Thanks for the advice.
 
I added another monitor per your suggestion...but since I only have two nodes operational right now, I don't see the point of having three replicas yet. You say it's risky, but when I used a NAS server, that was a single point of failure...so what I asked is whether or not with the two replicas is enough to allow one of the two current nodes to go down until the third node is added. What are the risks other than there are two copies rather than three. I would expect the system to distribute the two copies between the nodes so that I can still have one go down. That begs the question whether or not the replication unit is an osd, or is a node? If it's an osd, then the second copy could actually be on another osd in the same node, which won't help if the node goes down. I'm guessing Ceph is smarter than that and would put the replica on an osd in the second node. If that's the case, then I can live with that until the third node is built and added to the ceph cluster.
 
Hi,

Ceph need minimum 3 nodes and this is a must and not nice to have.

I created four montors
Do you have really 4 monitors? This means 2 on one node?

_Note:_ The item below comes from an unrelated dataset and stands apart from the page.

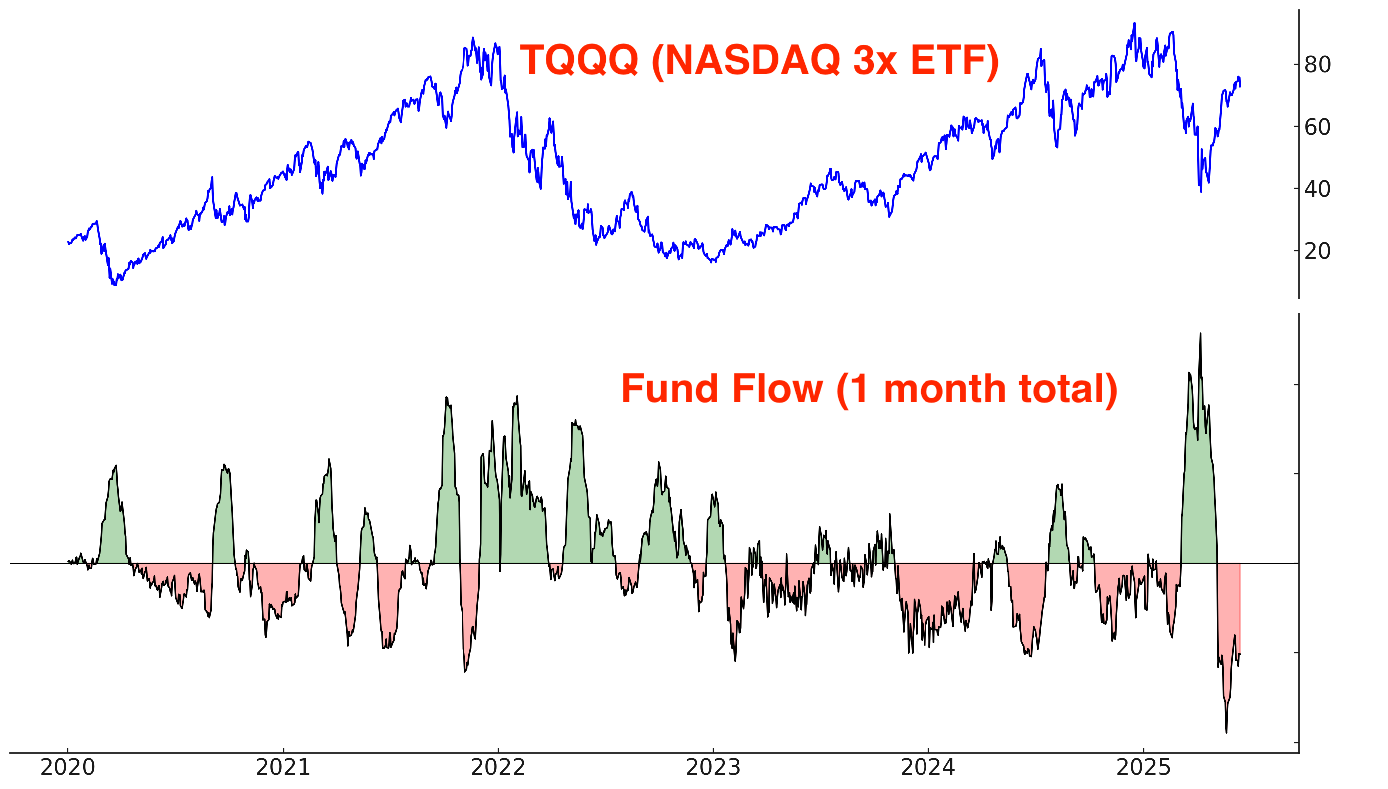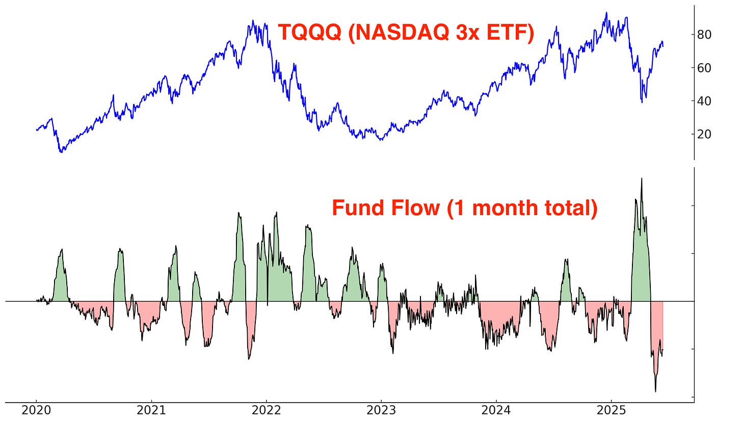 TQQQ is still seeing outflows, which suggests that these mean-reversion traders are still taking profits:

If yes only one per node and as jeffwadsworth say
need an odd number of monitors and at least 3

1.)
size 3/2 is required because the size 2/1 is a over 7% probability you will loose your data.
The calculation was made by some guys on the ceph user list.
2.)
As I say there is no two node cluster with ceph. Because it is only a question of time when you loose your data.
3.)
You can add a node the same way you have create the cluster, but keep in mind if you have data in your cluster you will force an rebalance what will result a massive network and disk load.
4.)
Why? You should take only down the osd one by one.
5.)
The journal size must not be large because it is only a write cache. So 5GB is fine.
Never put the mon on the same disk like the journal.
You can use a enterprise ssd for max 4 osd journals.
 
Hi,

Ceph need minimum 3 nodes and this is a must and not nice to have.

Do you have really 4 monitors? This means 2 on one node?

If yes only one per node and as jeffwadsworth say

Perhaps I wasn't as specific as I could be. The ceph cluster is using the same hardware as my 13 node PVE 5 cluster. I currently have only two storage nodes (which are also PVE nodes), but I will be adding new hard drives to one of the PVE nodes to create a third ceph storage node.

The monitors are currently running on the three storage nodes, as well as two other nodes in the PVE cluster. None of the monitors are running on the same machine. I am doing most of the ceph configuration though the PVE interface, so I don't think it allows to configure more than one monitor per host. I don't know if that makes this a 5 node ceph cluster, or a 13 node since ceph is initialized on all the nodes in the PVE cluster.

1.) size 3/2 is required because the size 2/1 is a over 7% probability you will loose your data.
The calculation was made by some guys on the ceph user list.
2.) As I say there is no two node cluster with ceph. Because it is only a question of time when you loose your data.
So once the new storage node is ready, I will add the OSDs, then change the size to 3/2 (still don't know how to do that, I imagine that can be done from the command line since it is not in webGUI). Rebalancing shouldn't take too long since the cluster is currently only storing a single 80GB file.

3.) You can add a node the same way you have create the cluster, but keep in mind if you have data in your cluster you will force an rebalance what will result a massive network and disk load.
4.) Why? You should take only down the osd one by one.
The journal disk is currently a 300GB SAS drive, but I want to replace that with a 250GB SSD (which sounds like overkill, by the way). I'm sure there is a procedure somewhere online that explains how to change the osd journal.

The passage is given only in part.